DDEC hasn’t finished auditing yet

An investigation published by the CPI in June 2021 found that this incentive has barely achieved any job creation and economic impact when examining a random sample of 304 beneficiaries, which represents 10% of the 3,040 active Act 22 decrees when the analysis was done. From being an instrument to attract millionaires and foreign investment, Act 22 became a refuge of cryptocurrency fans, YouTubers and consultants.

For nearly eight years, there was a lack of oversight by the authorities over these people, as well as compliance with the law and its purpose.
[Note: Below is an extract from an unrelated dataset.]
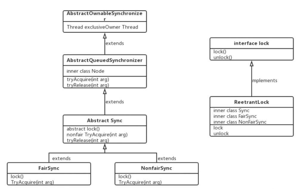 ReentrantLock内部实现了3个类,分别是:
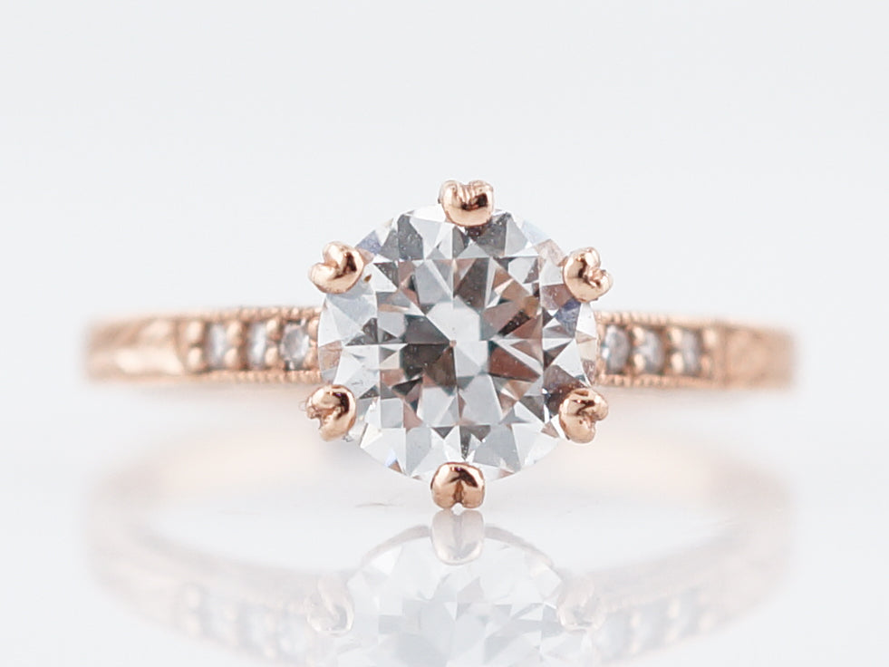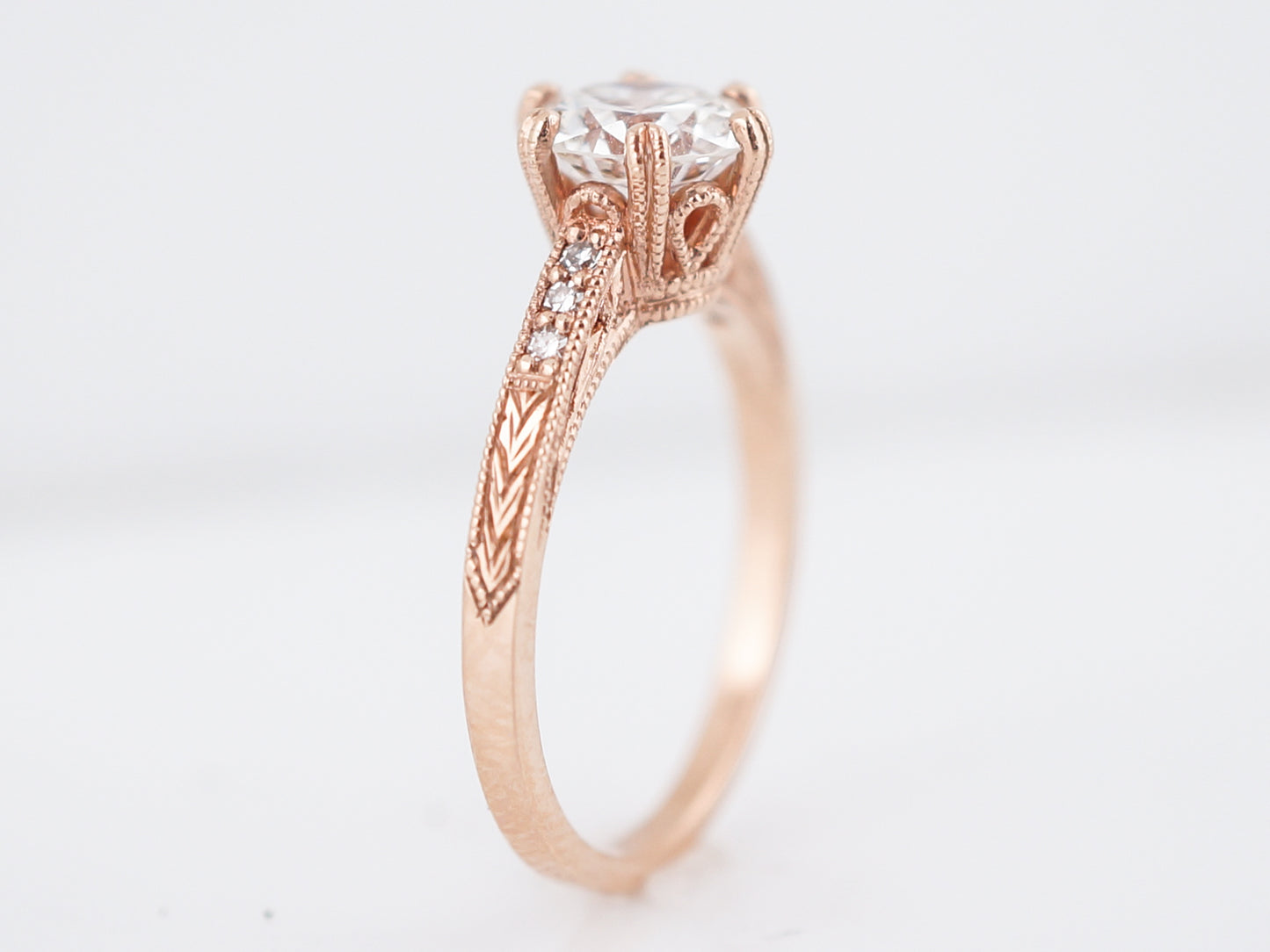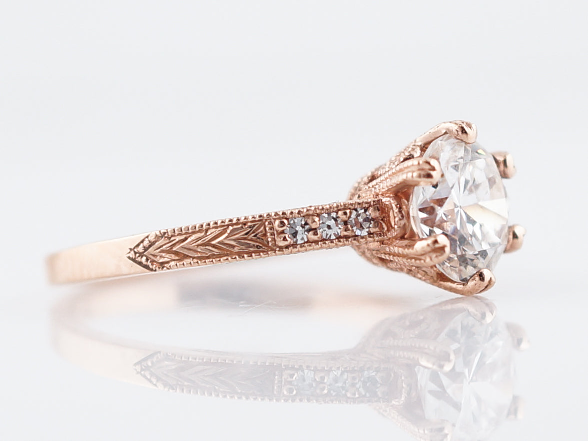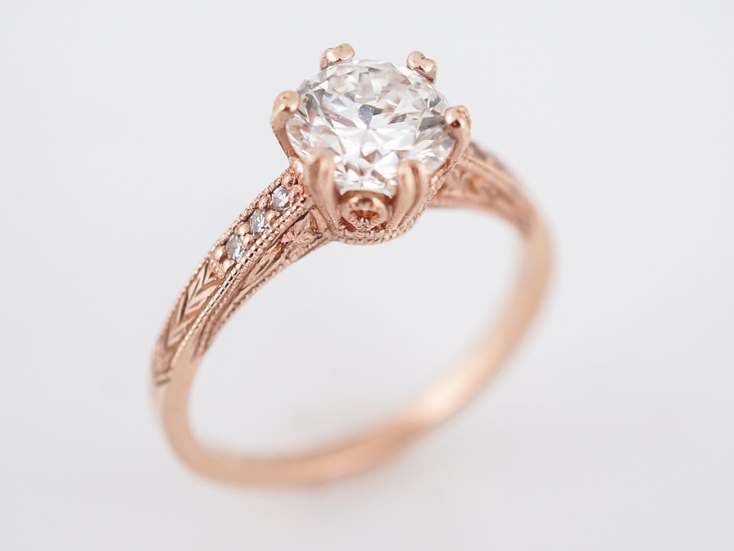 This stunning Modern engagement ring is finished in a warm, coppery 14k rose gold. A shimmering 1.05 carat transitional cut diamond is set into the center with dimpled split-prong style prongs. This provides a wonderful vintage look that pairs well with the milgrain accented single cut diamonds (6) set into the shoulders of the ring. Rounding out this stunning ring is a crisp chevron pattern the runs down the shank, transitioning into a smooth lower shank.

In March 2021, the DDEC announced a general compliance audit over all Act 22 and Act 60 decrees, the results of which were expected by the end of 2021. The agency has not yet completed this task.

“As part of the oversight efforts, we have already revoked 288 decrees between 2021 and 2022. For context, 29 were revoked from 2012 to 2020. Regarding compliance audits, we continue working on them and collecting information from the beneficiaries,” said Carlos Fontán, director of the DDEC Incentives Office, in a written statement to the CPI.

A week earlier, in an interview with El Nuevo Día, Fontán said that 257 Act 22 decrees had been revoked since January 2021, due to non-compliance with the law’s requirements.

As a result of the new court order, the CPI would receive data such as the total net worth of resident investors under Act 22, tax-exempt income, if they own or rent any property on the island, if they have any business established in Puerto Rico, the number of days they live on the island, the approximate amount of money spent during the calendar year, and the amount of annual donations made to local nonprofit entities.

The CPI is represented by the InterAmerican University of Puerto Rico Law School’s Legal Clinic and its attorneys Luis José Torres Asencio and Steven Lausell Recurt, as well as attorney Carlos Francisco Ramos Hernández, a fellow for Equal Justice Works. The legal appeal or mandamus was filed in April 2021 against the DDEC to gain access to the reports that Act 22 “resident investors” must submit to the agency each year, as required by law. These reports detail each beneficiary’s personal and financial circumstances, such as the number of jobs created, properties acquired and the time spent in Puerto Rico.

Judges Laura Ortiz Flores, Giselle Romero García and Waldemar Rivera Torres comprised the Court of Appeals’ panel that passed judgment on Judge Martínez Piovanetti’s decision.